## Exercise brief
In the material below, find the span from the line with "Caja original de" to the line with "平時她只是居民小區(qū)里" and transcribe only those lines, exactly, ends included, without the pictures.

## Supplied records

Start of Block

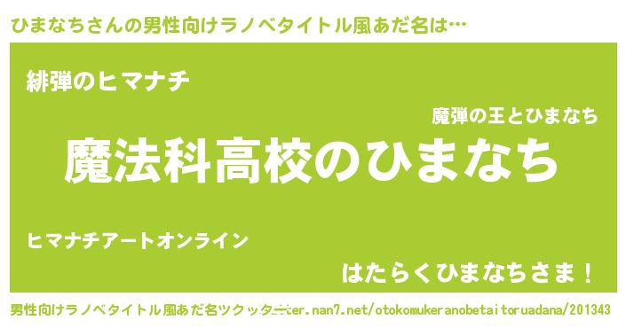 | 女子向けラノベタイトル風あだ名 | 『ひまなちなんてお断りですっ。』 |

End of Block
Start of Block

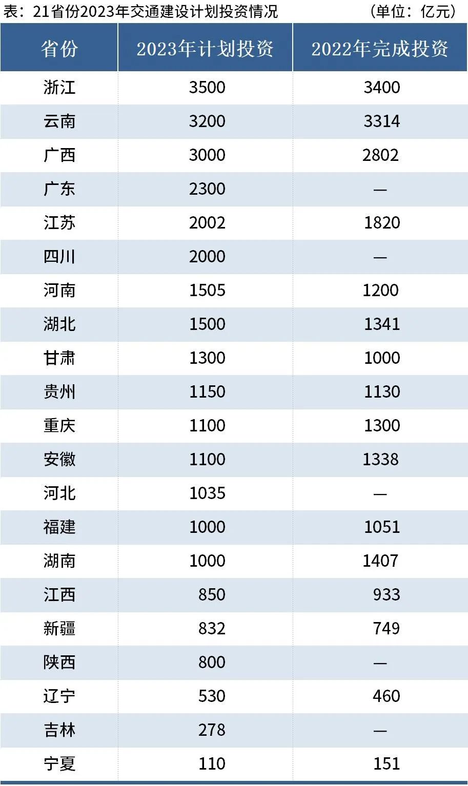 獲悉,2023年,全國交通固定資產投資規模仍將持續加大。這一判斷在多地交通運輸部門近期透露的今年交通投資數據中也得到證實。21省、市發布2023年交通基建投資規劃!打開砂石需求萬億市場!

End of Block
Start of Block

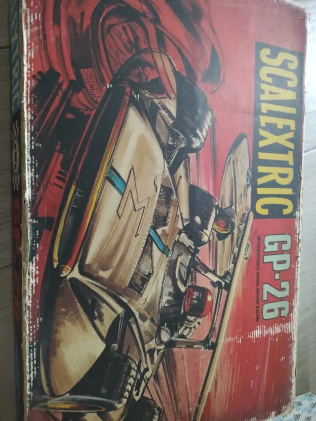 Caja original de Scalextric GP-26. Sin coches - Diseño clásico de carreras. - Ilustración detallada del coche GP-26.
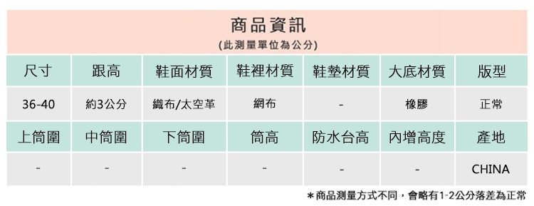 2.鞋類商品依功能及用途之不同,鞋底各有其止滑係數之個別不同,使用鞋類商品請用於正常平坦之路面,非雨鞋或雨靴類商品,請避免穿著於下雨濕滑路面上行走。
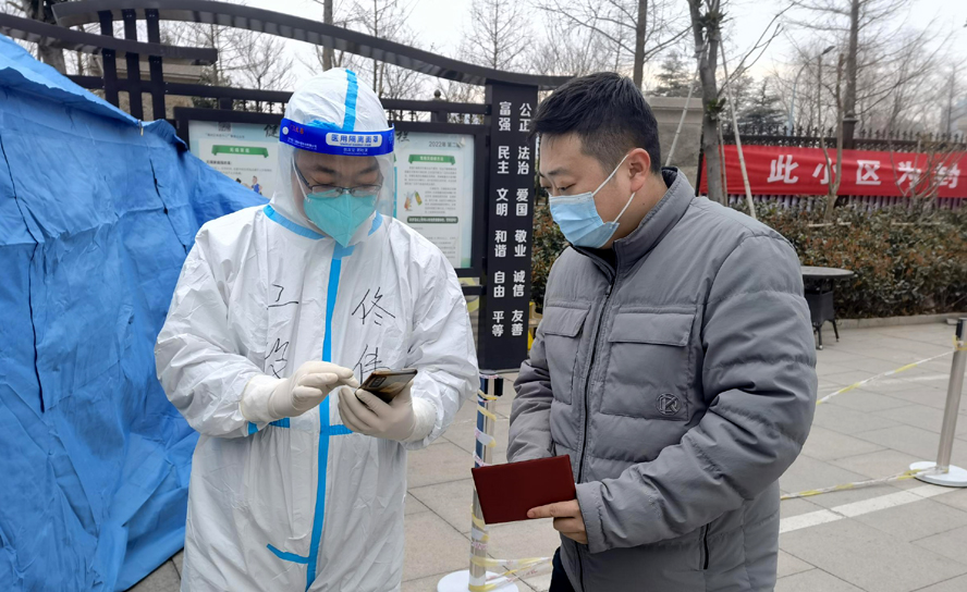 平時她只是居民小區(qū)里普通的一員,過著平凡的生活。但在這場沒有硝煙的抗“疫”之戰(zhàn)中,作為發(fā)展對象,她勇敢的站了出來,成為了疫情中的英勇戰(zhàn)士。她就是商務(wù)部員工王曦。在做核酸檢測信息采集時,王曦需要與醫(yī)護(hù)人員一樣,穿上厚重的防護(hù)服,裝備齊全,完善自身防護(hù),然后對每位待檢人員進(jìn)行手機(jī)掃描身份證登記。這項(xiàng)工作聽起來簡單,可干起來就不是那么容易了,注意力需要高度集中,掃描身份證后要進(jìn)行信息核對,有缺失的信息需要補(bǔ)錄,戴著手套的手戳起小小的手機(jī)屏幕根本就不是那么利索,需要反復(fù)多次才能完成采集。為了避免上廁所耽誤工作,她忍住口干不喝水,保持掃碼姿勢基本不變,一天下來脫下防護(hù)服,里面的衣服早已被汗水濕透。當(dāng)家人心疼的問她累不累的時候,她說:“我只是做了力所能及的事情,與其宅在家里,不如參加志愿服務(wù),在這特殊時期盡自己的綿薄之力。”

End of Block

## Result of this task
 Caja original de Scalextric GP-26. Sin coches - Diseño clásico de carreras. - Ilustración detallada del coche GP-26.
 2.鞋類商品依功能及用途之不同,鞋底各有其止滑係數之個別不同,使用鞋類商品請用於正常平坦之路面,非雨鞋或雨靴類商品,請避免穿著於下雨濕滑路面上行走。
 平時她只是居民小區(qū)里普通的一員,過著平凡的生活。但在這場沒有硝煙的抗“疫”之戰(zhàn)中,作為發(fā)展對象,她勇敢的站了出來,成為了疫情中的英勇戰(zhàn)士。她就是商務(wù)部員工王曦。在做核酸檢測信息采集時,王曦需要與醫(yī)護(hù)人員一樣,穿上厚重的防護(hù)服,裝備齊全,完善自身防護(hù),然后對每位待檢人員進(jìn)行手機(jī)掃描身份證登記。這項(xiàng)工作聽起來簡單,可干起來就不是那么容易了,注意力需要高度集中,掃描身份證后要進(jìn)行信息核對,有缺失的信息需要補(bǔ)錄,戴著手套的手戳起小小的手機(jī)屏幕根本就不是那么利索,需要反復(fù)多次才能完成采集。為了避免上廁所耽誤工作,她忍住口干不喝水,保持掃碼姿勢基本不變,一天下來脫下防護(hù)服,里面的衣服早已被汗水濕透。當(dāng)家人心疼的問她累不累的時候,她說:“我只是做了力所能及的事情,與其宅在家里,不如參加志愿服務(wù),在這特殊時期盡自己的綿薄之力。”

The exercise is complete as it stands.